* _Exercise aim_: When the line containing "BURBERRY 巴宝莉 女士格纹饰带" is found in the data below, give it again along with every later line, exactly; drop the pictures.

(Beginning of Entries provided)

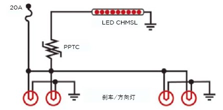 發光二極管(LED)所具有的低功耗和設計靈活性使其在照明電路中的應用日益普及,包括中置高位刹車燈(CHMSL)。在這種應用中用LED取代白熾燈的好處在於,能使用小規格低電流導線方便地在車頂內襯和靠近鉸鏈處不容易彎曲的連接中輕鬆地進行布線,如圖6所示。采用PolySwitch器件和分散式架構保護LED CHMSL照明應用提高了設計靈活性,減少了導線數量和重量並提高了可靠性。
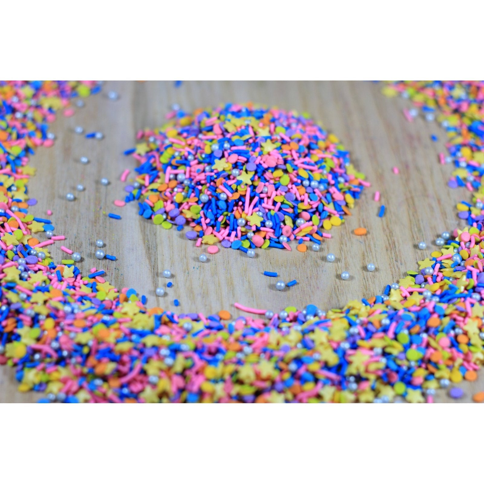 Colorful candy sprinkles mixes to add natural fun and flare to your creations. These are sugar based and will dissolve in water.
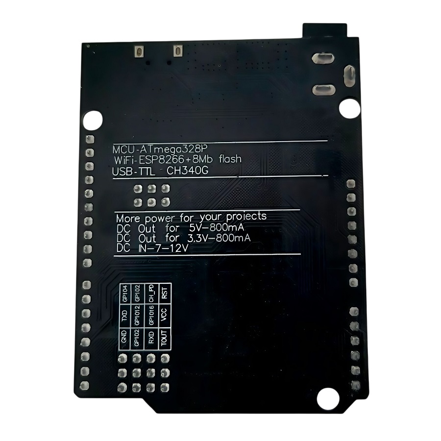 It is included full integration of microcontroller Atmel ATmega328 and IC Wi-Fi ESP8266 with 8 MB flash memory, and USB-TTL converter CH340G on one board.
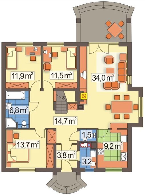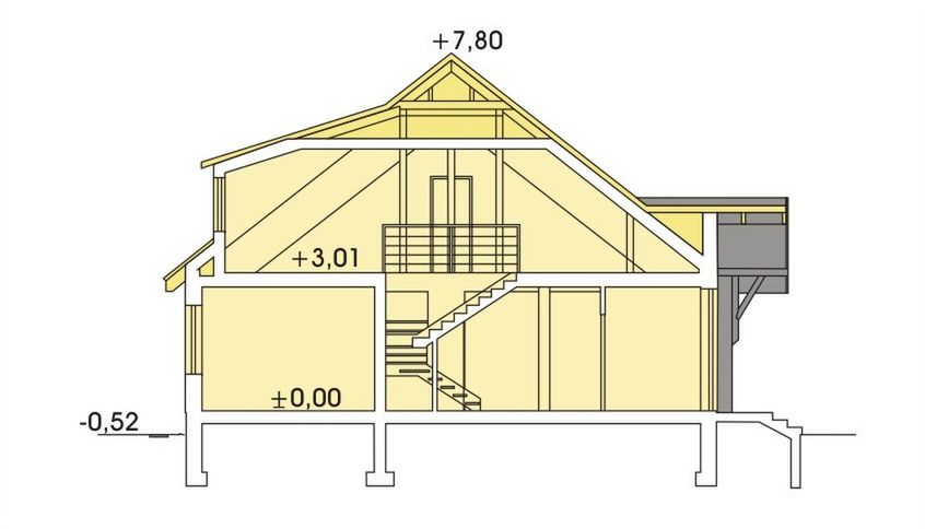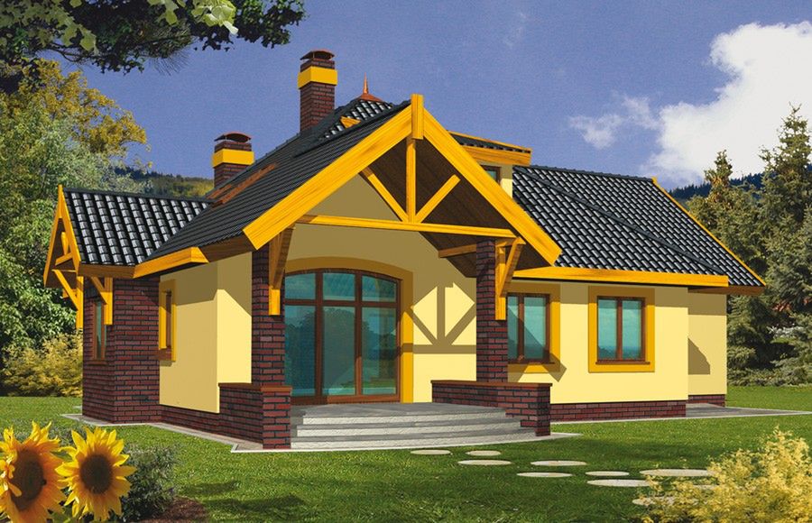 Graficzne opracowanie rzutów poglądowych widocznych na karcie projektu zostało wykonane przez Extradom.pl. Prezentowane przez Extradom.pl wizualizacje wykonane zostały przez autora projektu i należy poczytywać je jedynie za przykład i propozycję wykończenia, wizję architektoniczną autora projektu. Ostateczne wykończenie budynku może nastąpić na wiele sposobów. Szczegółowe rozwiązania zastosowane w oferowanej dokumentacji - w tym również ilość, lokalizacje i wygląd okien, drzwi, kominów - mogą w niewielkim stopniu różnić się od prezentowanej wizualizacji budynku.
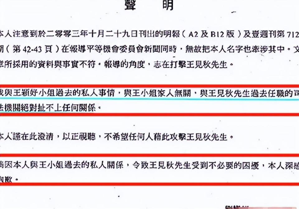 转折发生在2003年。 王颖妤的父亲,退休法官王见秋卷入“双薪”争议,被指在领取退休金的同时担任公职获取收入。 有舆论将矛头指向王颖妤,暗示其父的花销来源于女儿从富豪处获得的财富。 这场风波危及整个家庭的名誉。
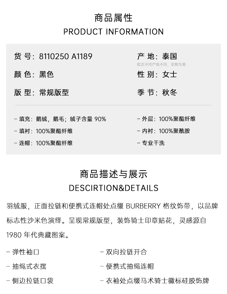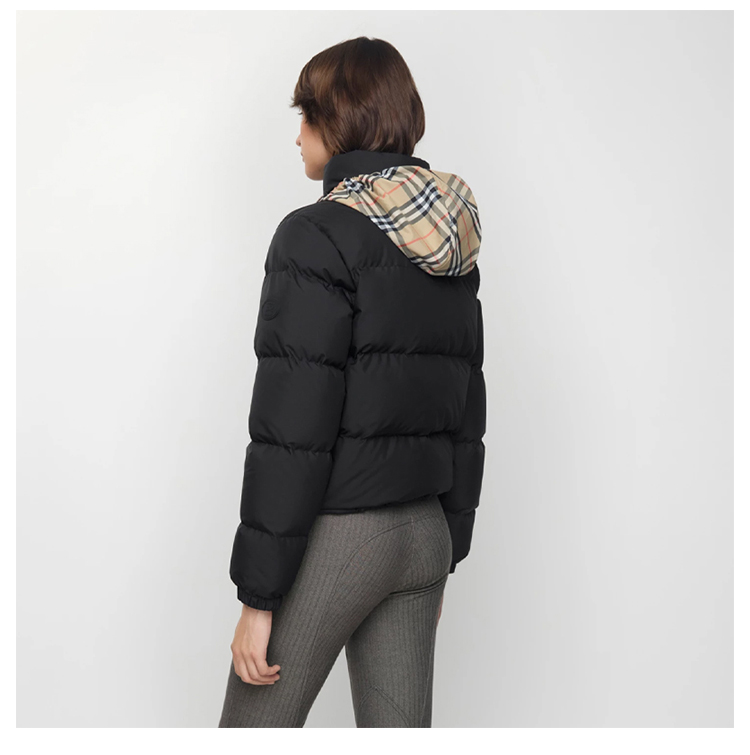 BURBERRY 巴宝莉 女士格纹饰带 Ambleside 羽绒服 黑色 8110250 A1189
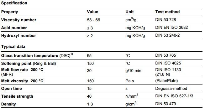 产品型号赢创德固赛 共聚聚酯树脂 Dynacoll S1606
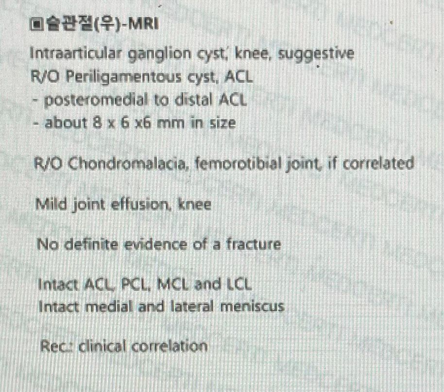 현재 관절내 물혹이 관찰되고 있으며 관절내 삼출물이 관찰되며 골절은 관찰되지 않습니다. 인대와 반월판은 모두 양호한 것으로 보인다고 판독되어 있습니다.
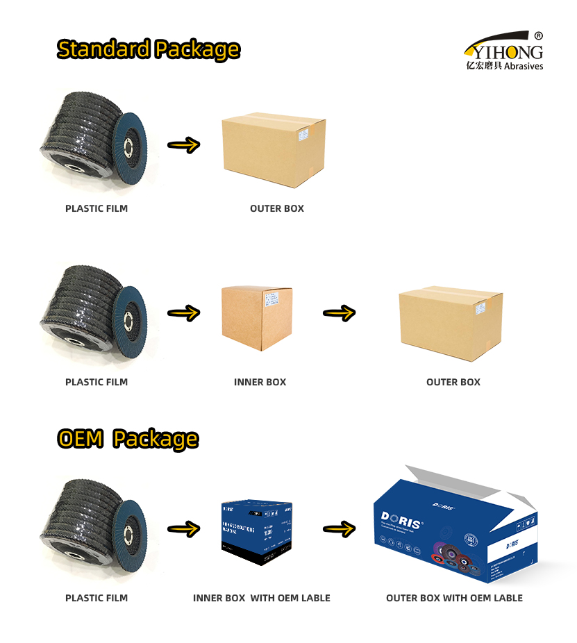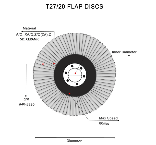 Granularity: 36~600#; Flaps: 45, 72, 80, 90 flaps or according to customer design; Common sizes: 110, 115, 125, 150, 180mm in diameter. |

(End of Entries provided)

* _Solution to this problem_:
 BURBERRY 巴宝莉 女士格纹饰带 Ambleside 羽绒服 黑色 8110250 A1189
 产品型号赢创德固赛 共聚聚酯树脂 Dynacoll S1606
 현재 관절내 물혹이 관찰되고 있으며 관절내 삼출물이 관찰되며 골절은 관찰되지 않습니다. 인대와 반월판은 모두 양호한 것으로 보인다고 판독되어 있습니다.
 Granularity: 36~600#; Flaps: 45, 72, 80, 90 flaps or according to customer design; Common sizes: 110, 115, 125, 150, 180mm in diameter. |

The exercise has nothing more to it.